Studio album by Morcheeba
- Released: 1 April 1996 (UK) 24 September 1996 (US)
- Genre: Trip hop
- Length: 56:07
- Label: Indochina; Discovery; Sire;
- Producer: Morcheeba; Pete Norris;

Morcheeba chronology
|  | Who Can You Trust? (1996) | Big Calm (1998) |

Singles from Who Can You Trust?
- "Never an Easy Way" Released: 1996; "Tape Loop" Released: 1996; "Trigger Hippie" Released: 1997; "The Music That We Hear (Moog Island)" Released: 1997;

= Who Can You Trust? =

Who Can You Trust? is the debut studio album by English electronic music group Morcheeba. It was released in 1996 on China Records in the United Kingdom and Discovery and Sire Records in the United States. Stylistically, the album is by far the band's most trip hop oriented release, consisting of languid, looping grooves, using mostly Rhodes piano, electric guitar and scratching. At the end of 1998 the album was re-issued as 2-CDs with the 8 track disc Beats & B-Sides collection.

==Reception==

Melody Maker recommended Who Can You Trust? and remarked that Morcheeba "take up where trip hop leaves off, picking up at its outer reaches and taking it way, way off into the Indian Ocean... A strange and bitter brew indeed." Musician wrote that the band is "saved from Portishead comparisons mainly by their fondness for guitars" and that their "laid-back beats and gentle, smoky tunes are enhanced by Ry Cooder-ish slide, funky wah-wah, and other simple guitar flourishes, as well as a reappearing Hammond organ and some occasional strings." Josef Woodard of Entertainment Weekly compared vocalist Skye Edwards to "Sade filtered through Portishead" and felt that she has "enough hypnotic charms and charisma to counter the dangers of techno-riff overkill." Robert Christgau, in The Village Voice, praised the band as "always thoughtful, often sad, rarely neurotic, never scary."

Professional ratings
Review scores
| Source | Rating |
| AllMusic | Star |
| Chicago Tribune | Star Half star |
| Entertainment Weekly | B+ |
| Pitchfork | 8.3/10 |
| Q | Star |
| USA Today | Star |
| The Village Voice | A− |

==Commercial performance==
By 1998, Who Can You Trust? had sold around 500,000 copies worldwide, and by 2003 it had passed the one million mark in worldwide sales.
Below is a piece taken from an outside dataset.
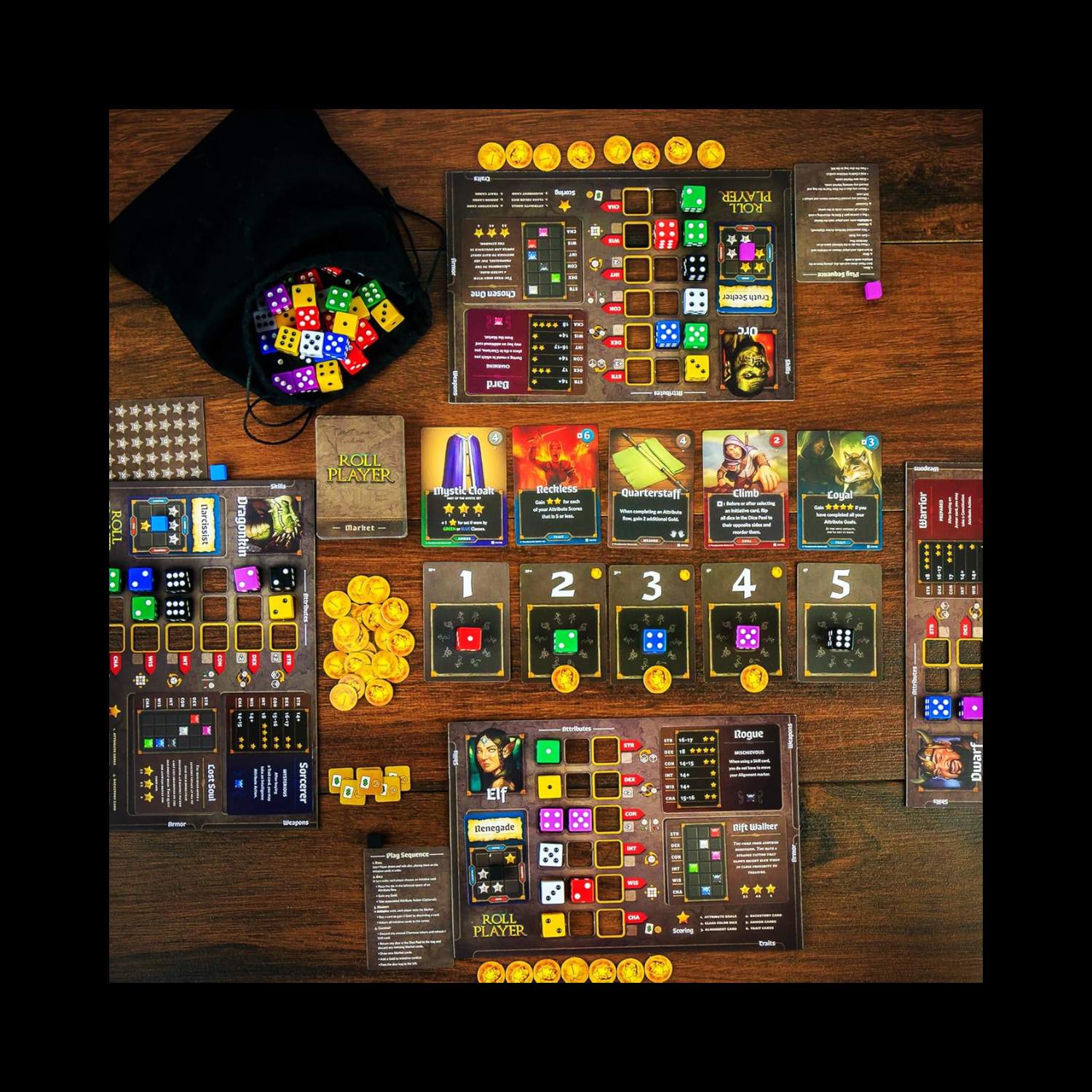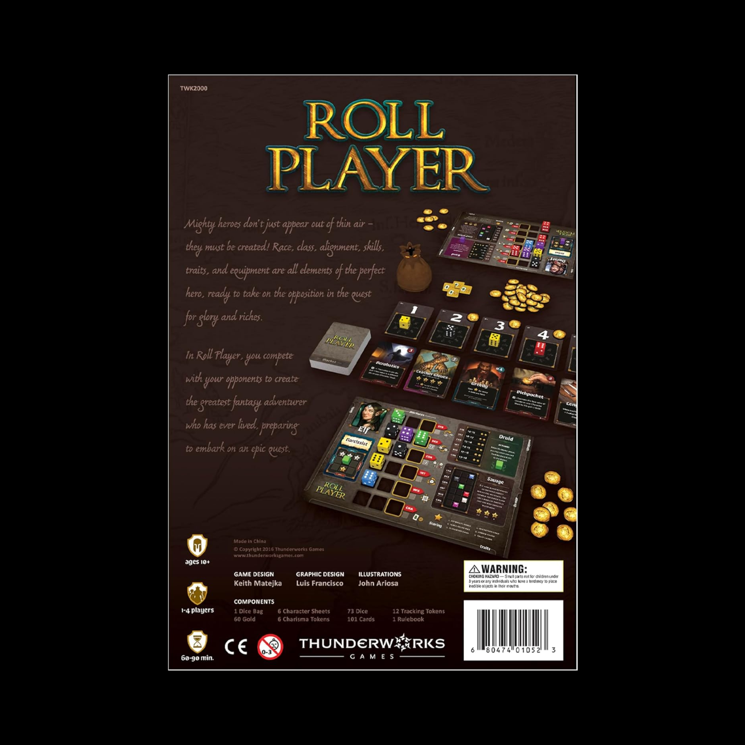 Dans Roll Player, les joueurs s’affrontent pour créer le plus grand aventurier fantastique ! Lancez et draftez des dés pour assembler les scores d’attributs de personnage. Achetez des armes et des armures pour équiper votre héros. Entraînez-vous pour acquérir des compétences et découvrez les traits de votre héros pour le préparer à son voyage. Gagnez de la réputation en construisant le personnage parfait. Le joueur avec la meilleure réputation gagne le jeu et triomphera sûrement de tout complot néfaste qui se profile à l’horizon !

By 2000, combined sales of Who Can You Trust? and the group's second album Big Calm stood at 315,000 copies in the United States.

==Track listing==

| No. | Title | Length |
|---|---|---|
| 1. | "Moog Island" | 5:21 |
| 2. | "Trigger Hippie" | 5:31 |
| 3. | "Post Houmous" | 1:48 |
| 4. | "Tape Loop" | 4:24 |
| 5. | "Never an Easy Way" | 6:41 |
| 6. | "Howling" | 3:40 |
| 7. | "Small Town" | 5:09 |
| 8. | "Enjoy the Wait" | 1:07 |
| 9. | "Col" | 4:07 |
| 10. | "Who Can You Trust?" | 8:56 |
| 11. | "Almost Done" | 6:38 |
| 12. | "End Theme" | 2:27 |
| Total length: |  | 55:56 |

Japanese edition bonus tracks
| No. | Title | Length |
|---|---|---|
| 13. | "The Music That We Hear (Moog Island)" | 3:50 |
| 14. | "Trigger Hippie" (Newcheeba Mix) | 4:01 |
| 15. | "Tape Loop" (Shortcheeba Mix) | 3:49 |
| Total length: |  | 67:41 |

Beats & B-Sides – limited edition CD2
| No. | Title | Length |
|---|---|---|
| 1. | "Killer Hippie" (Bad Vibrations Mix) | 4:15 |
| 2. | "On the Rhodes Again" | 7:09 |
| 3. | "Tape Loop" (Diabolical Brothers Remix) | 5:26 |
| 4. | "Dungeness" | 5:22 |
| 5. | "Baby Sitar" (Drummer of Your Dreams Mix) | 3:04 |
| 6. | "Ray Payola" | 8:00 |
| 7. | "Shoulder Holster" (Diabolical Brothers Remix) | 5:57 |
| 8. | "Post Houmous" (Live at the MacKie) | 5:08 |
| Total length: |  | 44:37 |

==Certifications==

Certifications for Who Can You Trust
| Region | Certification | Certified units/sales |
| Italy (FIMI) | Platinum | 100,000^{*} |
| United Kingdom (BPI) | Gold | 100,000^{*} |
^{*} Sales figures based on certification alone.